In the discharge display board according to the present invention as described above, since the alignment of the Nesa electrode 3 and the second channel 6, which are difficult to align, is done by printing on the same glass plate, it is not necessary to use the conventional method. This is significantly easier than alignment through a discharge gap or an even larger gap. Therefore, when assembling the discharge display panel according to the present invention, it is only necessary to align the first channel 5 and the electrode 4, and this alignment is performed using transmitted light from the rear glass plate 2. It can be easily done. Further, during firing in the hermetic sealing process, it is only necessary to deal with misalignment in one direction, and therefore defects due to misalignment can be significantly reduced. Further, a first channel 5 and a second channel 6 defining discharge cells are connected to the front glass 1.
By forming it on the side, it became possible to improve the contrast of the display surface, and it was possible to obtain an extremely clear display.

Furthermore, it goes without saying that the discharge display panel according to the present invention has the same normal operating voltage range as the conventional discharge display panel.

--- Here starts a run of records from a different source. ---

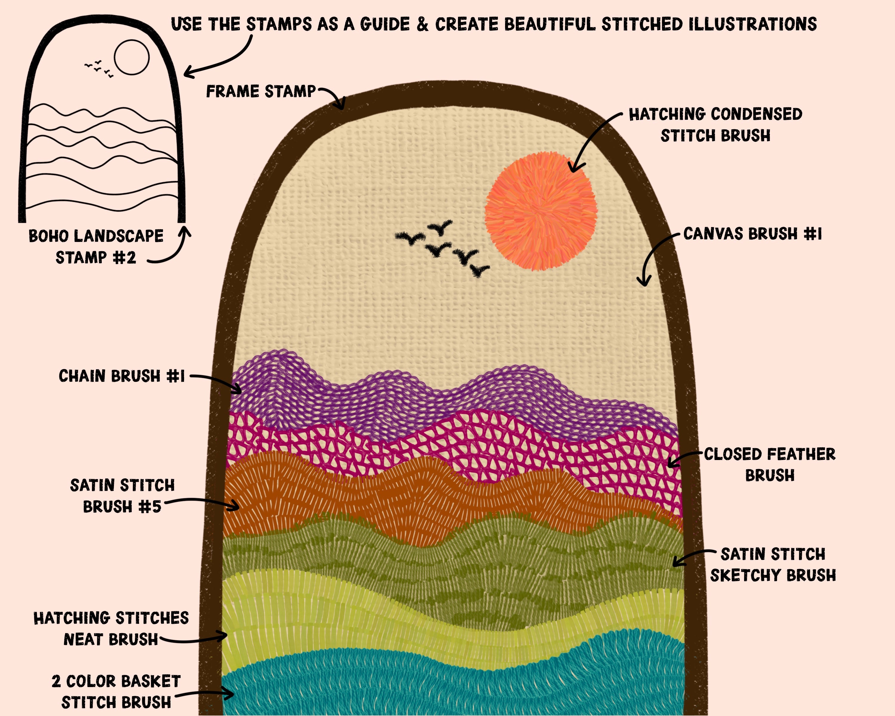 Over 225 Procreate Brushes including over 175 stitches brushes, 22 high quality fabric texture brushes, frames and embroidery hoop stamps, & wreaths and other stamps to use as a guide and make beautiful stitched illustrations! There are tons of realistic embroidery stitch brushes including backstitch, running stitch, cross stitch, chain stitch, blanket stitch, feather stitch, basket stitch, herringbone stitch, satin stitch, and plenty of decorative stitches! Plus hatching and crosshatching stitch brushes, French knots, eyelets, banner stitches, stars, flowers, leaves and bird decorations. The texture brushes include: canvas, wool, cotton, burlap, leather, denim, linen, felt, knit, checkerboard and polka dot seamless textures!
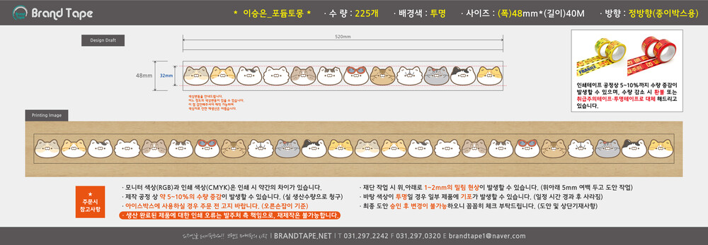 [ 포듐토몽 고객님 ] 무동판 컬러 인쇄 테이프 225개
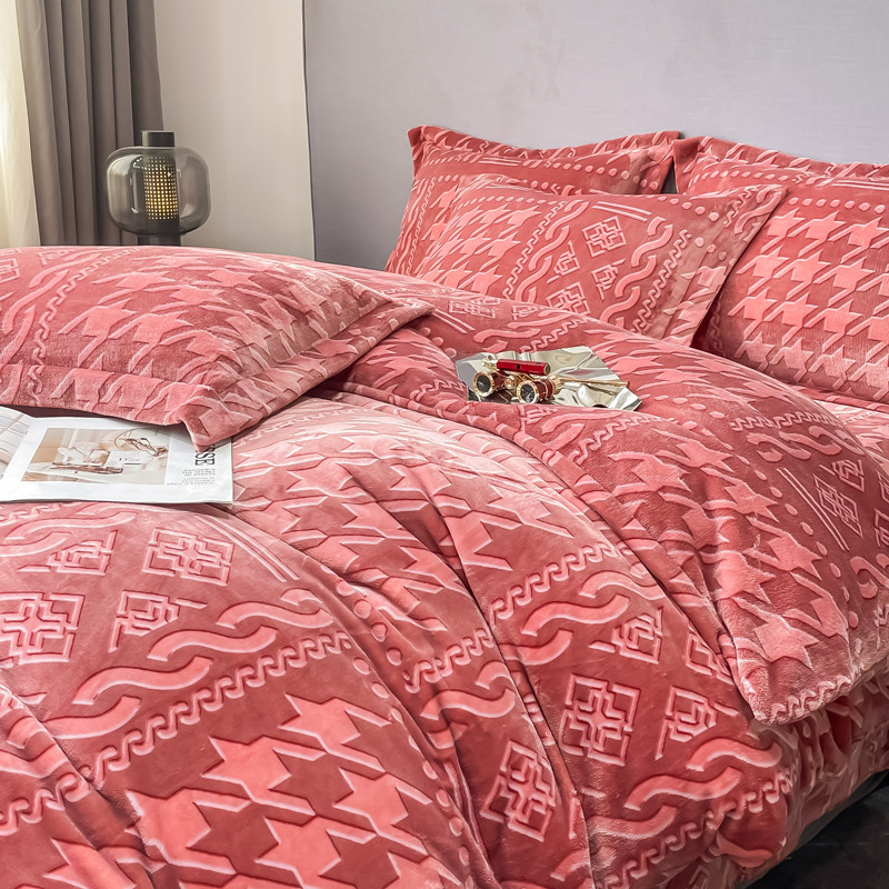 (总)首选家纺 2024新款A类立体雕花绒牛奶绒婴儿绒四件套,蝶影,花语悠然,玫瑰粉,玫瑰桔,玫瑰绿,千叶-粉,千叶-咖,水墨花-绿,水墨画-粉,水墨江南,素色主义,繁花似锦,花间风铃,欧式情怀,纤羽
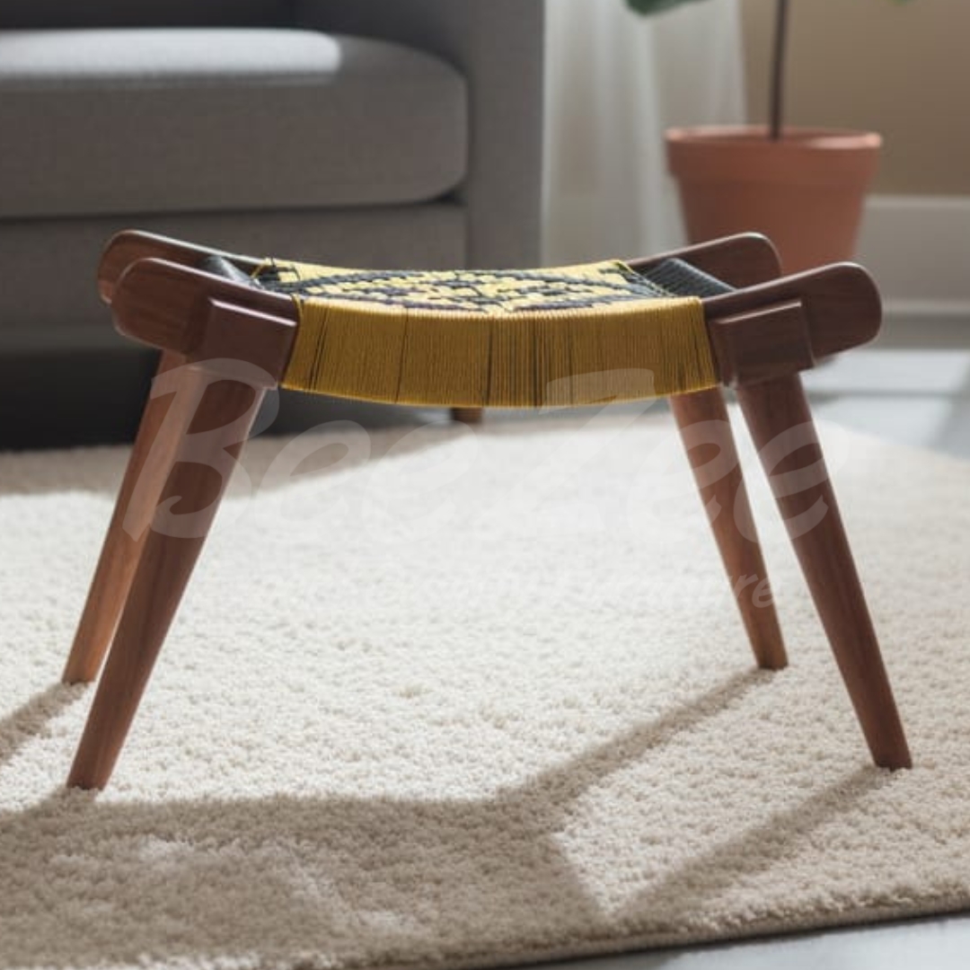 Handcrafted Woven Wooden Footstool – Traditional Mid-Century Modern Small Sitting Stool
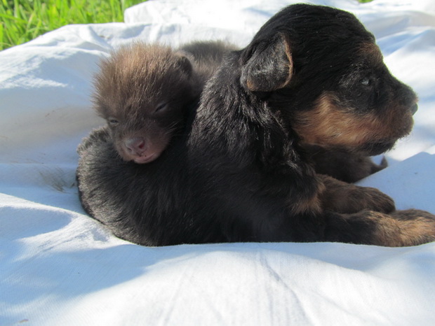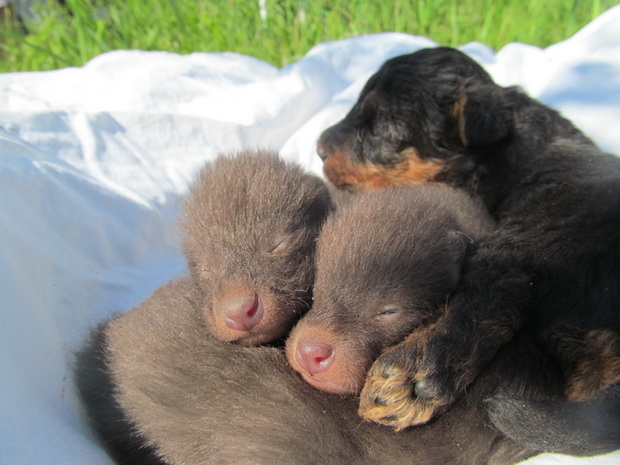 2-3 июня. Солнечные ванны принимают малыши: и тойчик 10 лет, и щенки - вельшик с енотовидными собачатами

[Brief explanation of the drawing]

FIG. 1 is a sectional view of a conventional discharge display board. FIG. 2 is a sectional view showing an embodiment of the present invention. FIG. 3 is a partially enlarged sectional view for explaining the present invention. 1, 2: Glass plate, 3: Nesa electrode, 4: Silver or nickel electrode, 5, 6: Channel.

Claims (1)

[Scope of utility model registration request] A first substrate having a first electrode group formed parallel to each other and serving as a front substrate; and a second substrate having a second electrode group formed parallel to each other and serving as a rear substrate; The first substrate and the second substrate are opposed to each other so that the first electrode group and the second electrode group are substantially perpendicular to each other, and hermetically sealed to obtain a predetermined discharge gap; In a discharge display board in which a dischargeable gas is sealed, a plurality of electrodes are arranged substantially perpendicularly to the first electrode group and opposite to electrode gaps between the electrodes of the opposing second electrode group. one dielectric group is printed and formed on the first electrode group, and a plurality of second dielectric groups are formed on the first dielectric group at electrode gaps between each of the first electrode groups. 1. A discharge display board, characterized in that the display board is formed by printing so as to be substantially orthogonal to the second electrode group.